#### Listed entries

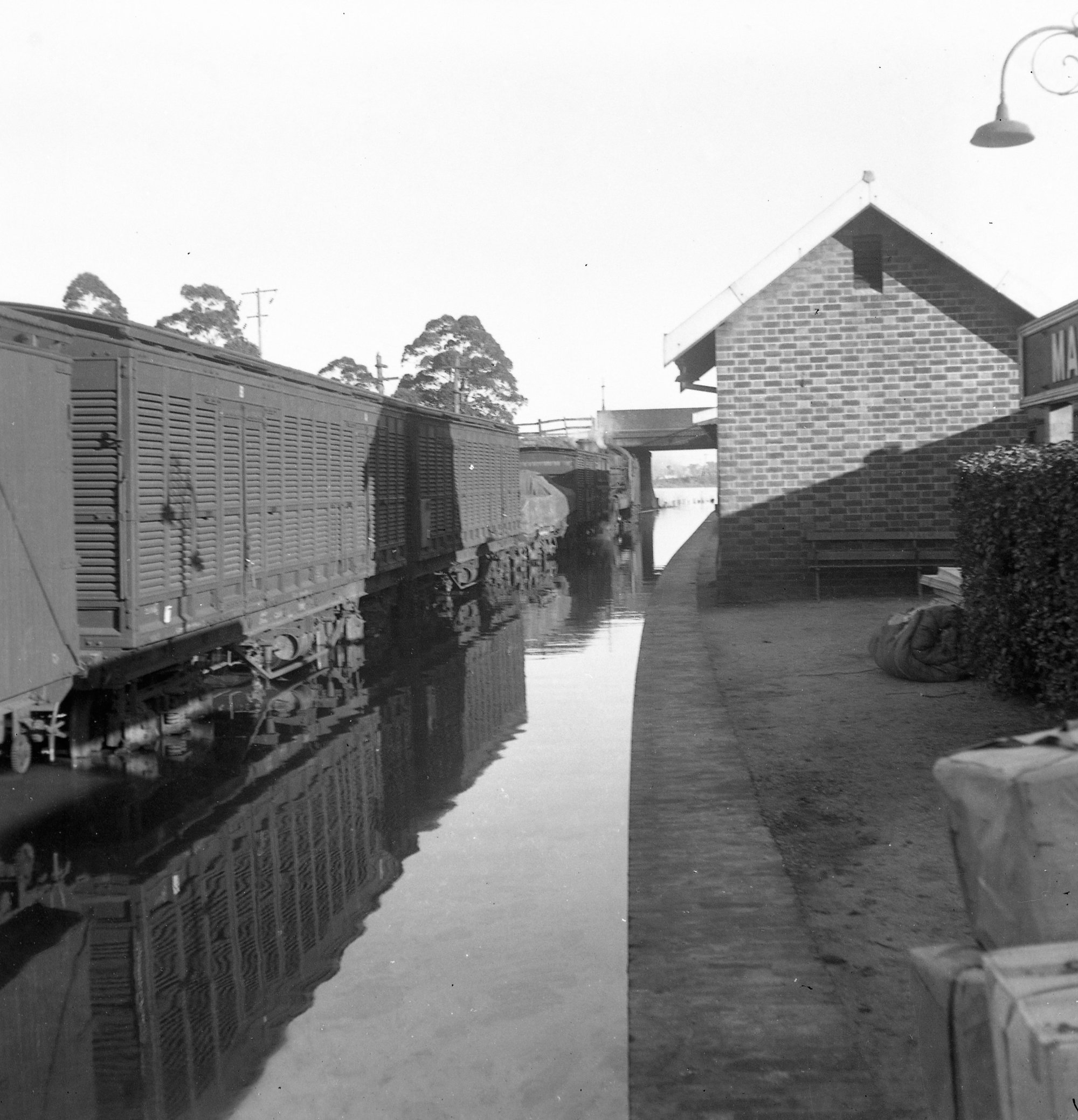 D'Ombrain, Athel, 1901-1985, Maitland Flood, 1955 - Train at Maitland Station (1955), [B10403-N1685]. Living Histories, accessed 17/02/2026, https://livinghistories.newcastle.edu.au/nodes/view/13618
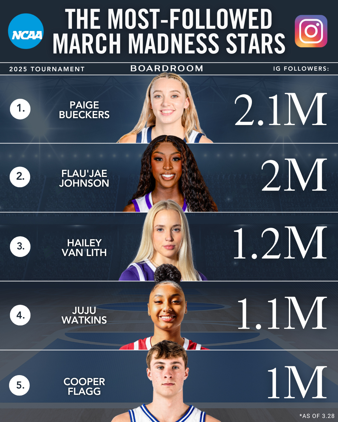 03月30日訊 美媒Boardroom今日統(tǒng)計了本屆NCAA瘋?cè)騿T的Instagram粉絲排名,NBA狀元大熱弗拉格以100萬粉絲排名第5,粉絲數(shù)“僅為”WNBA狀元大熱佩奇-布克斯的一半不到。
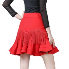 Women’s Latin Dance Skirt Tango Rumba Tassels Ruffle Ballroom Dance Costumes
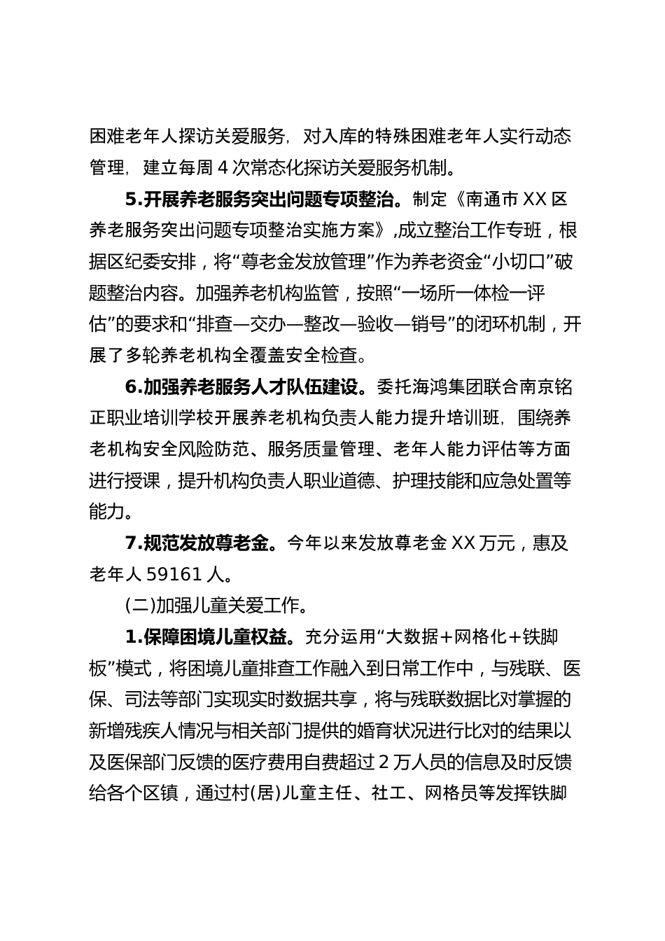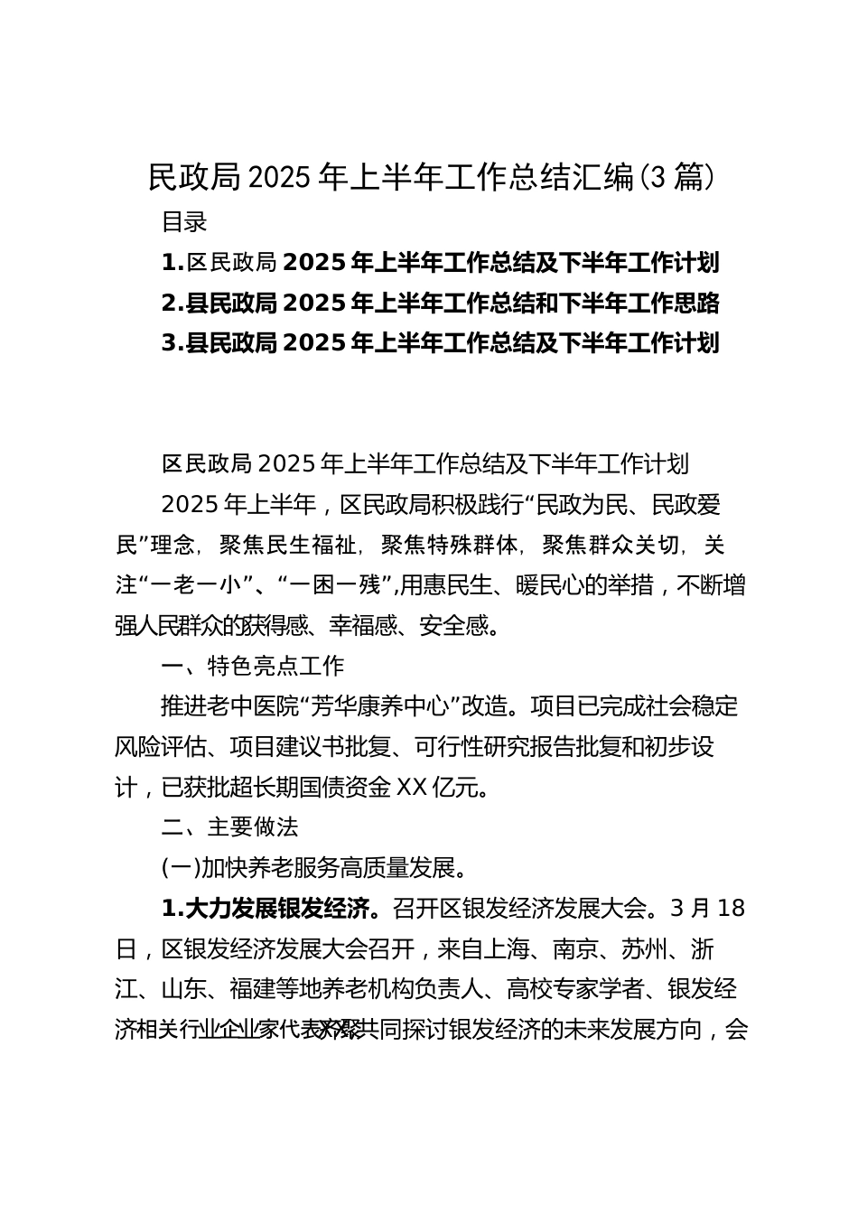 民政局2025年上半年工作總結(jié)匯編(3篇)目錄1.區(qū)民政局2025年上半年工作總結(jié)及下半年工作計劃2.縣民政局2025年上半年工作總結(jié)和下半年工作思路3.縣民政局2025年上半年工作總結(jié)及下半年工作計劃區(qū)民政局2025年上半年工作總結(jié)及下半年工作計劃2025“年上半年,區(qū)民政局積極踐行民政為民、民政愛”民理念,聚焦民生福祉,聚焦特殊群體,聚焦群眾關(guān)切,關(guān)“”“”注一老一小、一困一殘,用惠民生、暖民心的舉措,不斷增強人民群眾的獲得感、幸福感、安全感。一、特色亮點工作“”推進老中醫(yī)院芳華康養(yǎng)中心改造。項目已完成社會穩(wěn)定風(fēng)險評估、項目建議書批復(fù)、可行性研究報告批復(fù)...
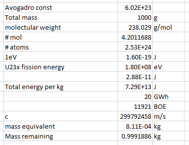 - What types of materials and how much mass is left behind if say 1kg of "natural" Uranium (99.3% U238, 0.7% U235) or Thorium (99.98% Th232) is consumed in a breeder capable of consuming 100% of the breed-able/fissionable material? (Maximum energy extraction would be the goal, not burning existing transunranic waste)
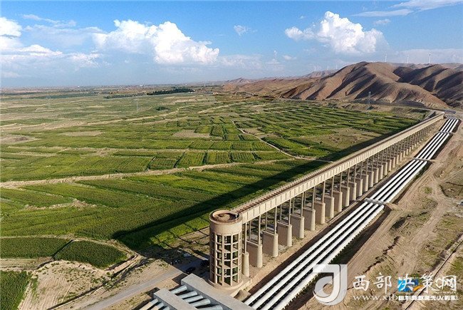 寧夏紅寺堡揚水工程三泵站出水渡槽。新華網 張潔龍 攝
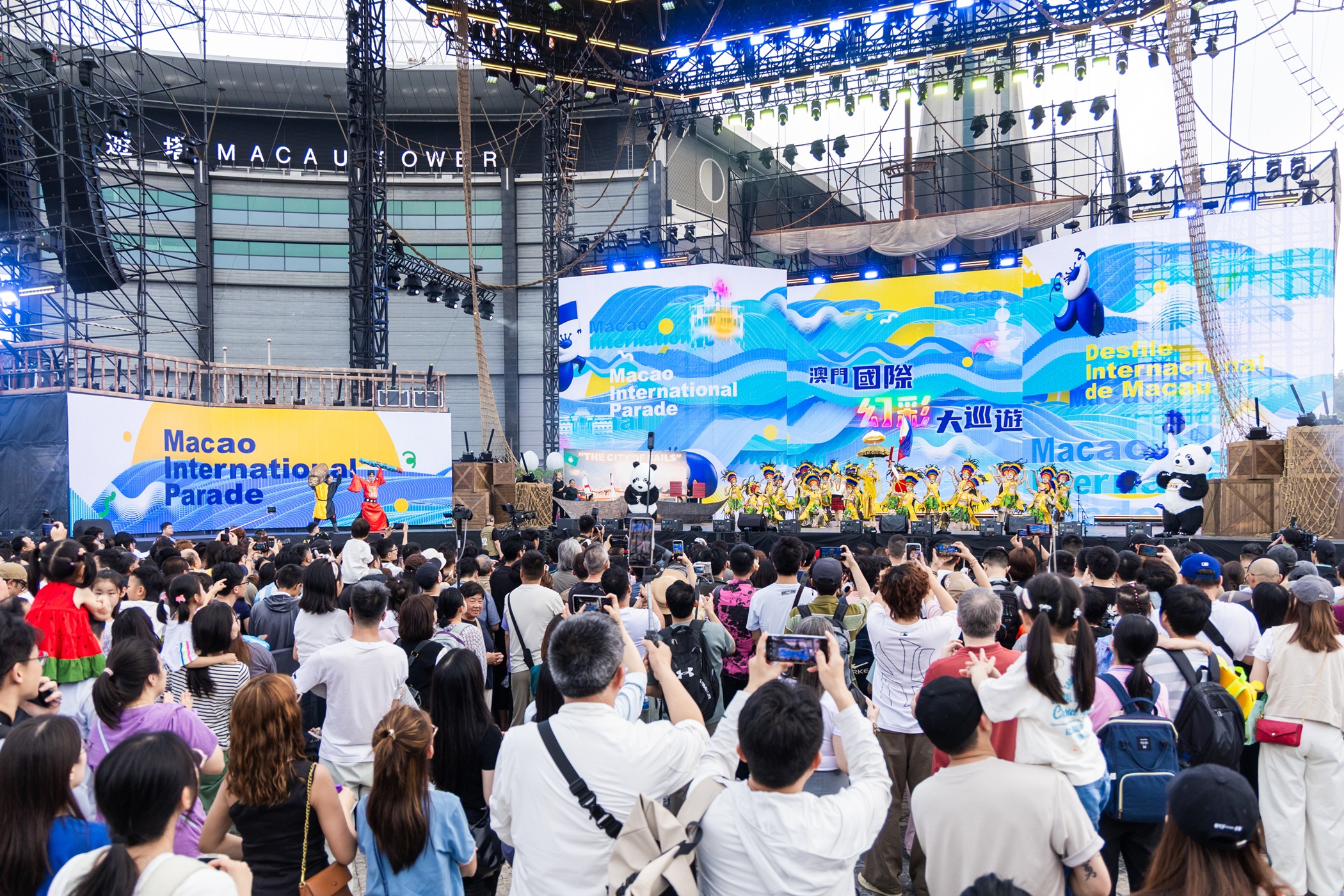 【即時新聞】由文化局、澳門永利渡假村、澳娛綜合度假股份有限公司、金沙中國有限公司、美高梅及銀河娛樂集團聯合主辦的“2026澳門國際幻彩大巡遊”於今日(3月29日)圓滿舉行。傍晚時分,巡遊隊伍齊聚西灣湖廣場呈獻精彩的壓軸匯演,本地與外地藝團聯手傾力獻藝,共同打造熱情澎湃、多元交融的文化盛會,充分展現澳門作為中西文化薈萃之地的獨特魅力。
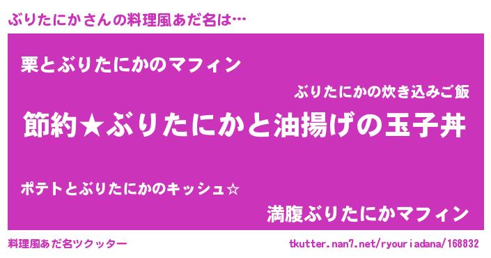 | 意味不明あだ名 | 『ペロリンぶりたにか』『自称ぶりたにか』 |
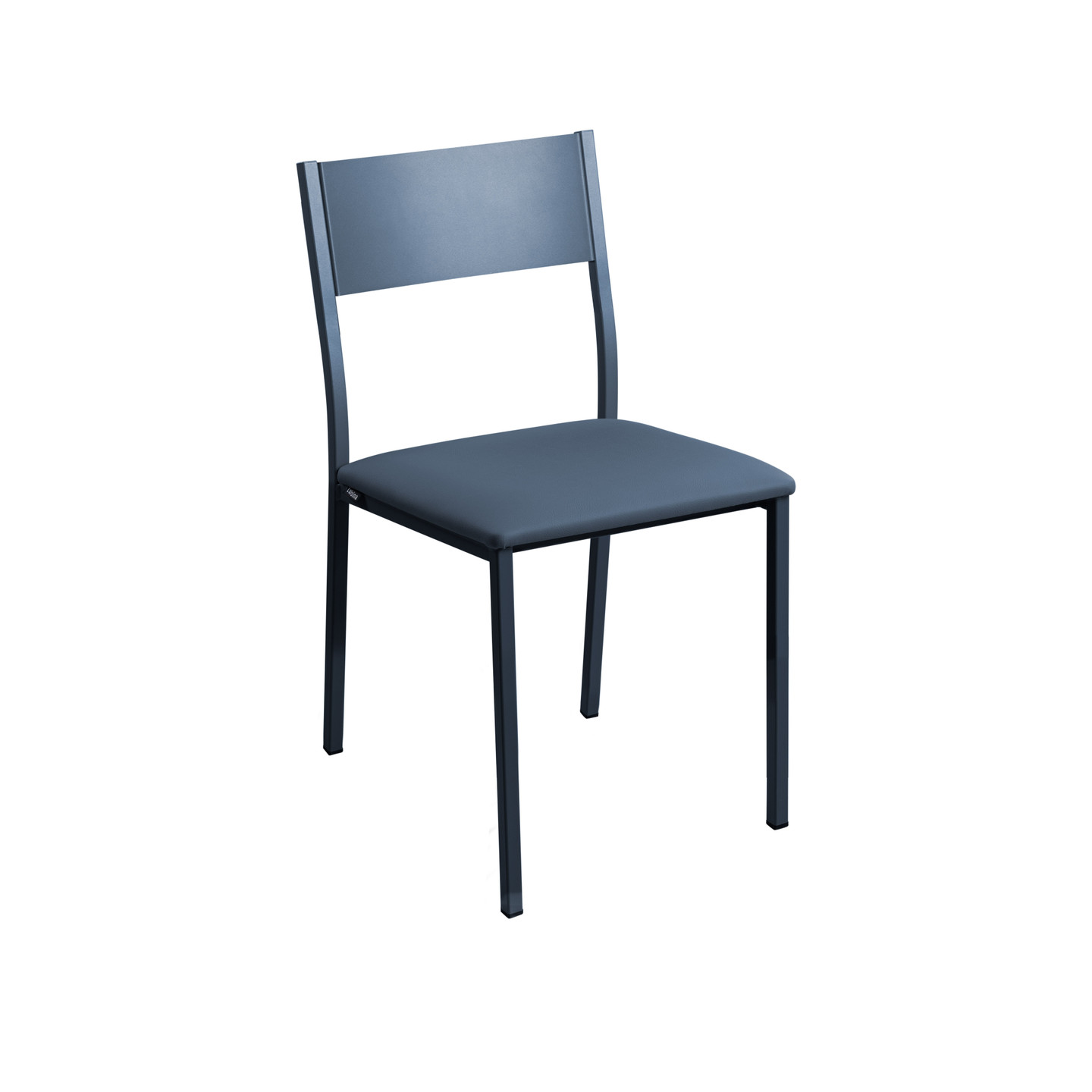 Assise hauteur table Ted avec assise vinyle bleu et piètement métal bleu
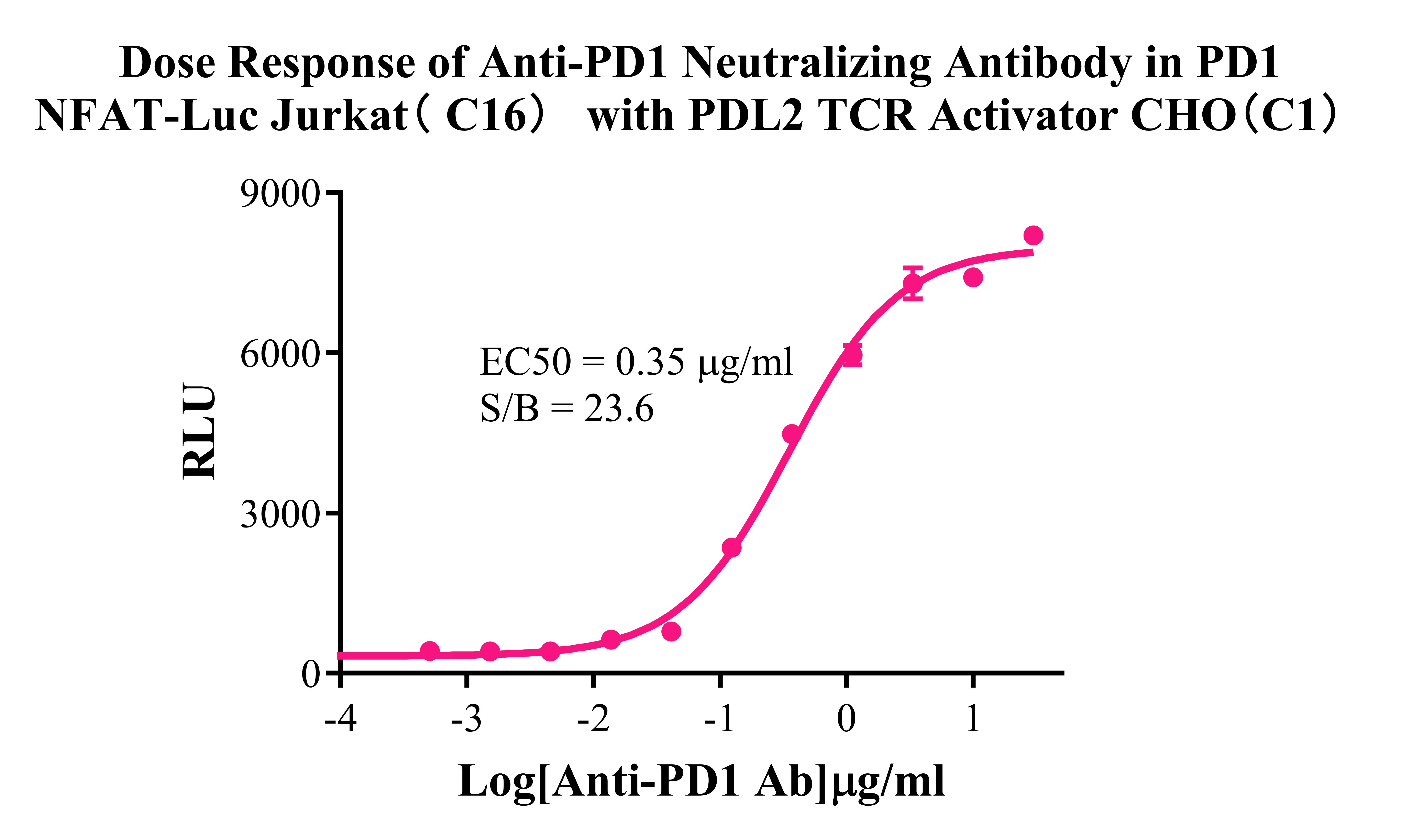 Figure 3. Detect Luciferase assay by Ultra Luciferase Detection Kit CBPH0001(we strongly suggest to purchase from Cobioer).Dose response of Anti-PD-1 Neutralizing Antibody in PD1 NFAT-Luc Jurkat(C16) with PDL1 TCR Activator CHO (C5). |

########

- The problem -
Transcribe all of the material exactly and leave out its pictures.

- Finished exercise -
 D'Ombrain, Athel, 1901-1985, Maitland Flood, 1955 - Train at Maitland Station (1955), [B10403-N1685]. Living Histories, accessed 17/02/2026, https://livinghistories.newcastle.edu.au/nodes/view/13618
 03月30日訊 美媒Boardroom今日統(tǒng)計了本屆NCAA瘋?cè)騿T的Instagram粉絲排名,NBA狀元大熱弗拉格以100萬粉絲排名第5,粉絲數(shù)“僅為”WNBA狀元大熱佩奇-布克斯的一半不到。
 Women’s Latin Dance Skirt Tango Rumba Tassels Ruffle Ballroom Dance Costumes
 民政局2025年上半年工作總結(jié)匯編(3篇)目錄1.區(qū)民政局2025年上半年工作總結(jié)及下半年工作計劃2.縣民政局2025年上半年工作總結(jié)和下半年工作思路3.縣民政局2025年上半年工作總結(jié)及下半年工作計劃區(qū)民政局2025年上半年工作總結(jié)及下半年工作計劃2025“年上半年,區(qū)民政局積極踐行民政為民、民政愛”民理念,聚焦民生福祉,聚焦特殊群體,聚焦群眾關(guān)切,關(guān)“”“”注一老一小、一困一殘,用惠民生、暖民心的舉措,不斷增強人民群眾的獲得感、幸福感、安全感。一、特色亮點工作“”推進老中醫(yī)院芳華康養(yǎng)中心改造。項目已完成社會穩(wěn)定風(fēng)險評估、項目建議書批復(fù)、可行性研究報告批復(fù)...
 - What types of materials and how much mass is left behind if say 1kg of "natural" Uranium (99.3% U238, 0.7% U235) or Thorium (99.98% Th232) is consumed in a breeder capable of consuming 100% of the breed-able/fissionable material? (Maximum energy extraction would be the goal, not burning existing transunranic waste)
 寧夏紅寺堡揚水工程三泵站出水渡槽。新華網 張潔龍 攝
 【即時新聞】由文化局、澳門永利渡假村、澳娛綜合度假股份有限公司、金沙中國有限公司、美高梅及銀河娛樂集團聯合主辦的“2026澳門國際幻彩大巡遊”於今日(3月29日)圓滿舉行。傍晚時分,巡遊隊伍齊聚西灣湖廣場呈獻精彩的壓軸匯演,本地與外地藝團聯手傾力獻藝,共同打造熱情澎湃、多元交融的文化盛會,充分展現澳門作為中西文化薈萃之地的獨特魅力。
 | 意味不明あだ名 | 『ペロリンぶりたにか』『自称ぶりたにか』 |
 Assise hauteur table Ted avec assise vinyle bleu et piètement métal bleu
 Figure 3. Detect Luciferase assay by Ultra Luciferase Detection Kit CBPH0001(we strongly suggest to purchase from Cobioer).Dose response of Anti-PD-1 Neutralizing Antibody in PD1 NFAT-Luc Jurkat(C16) with PDL1 TCR Activator CHO (C5). |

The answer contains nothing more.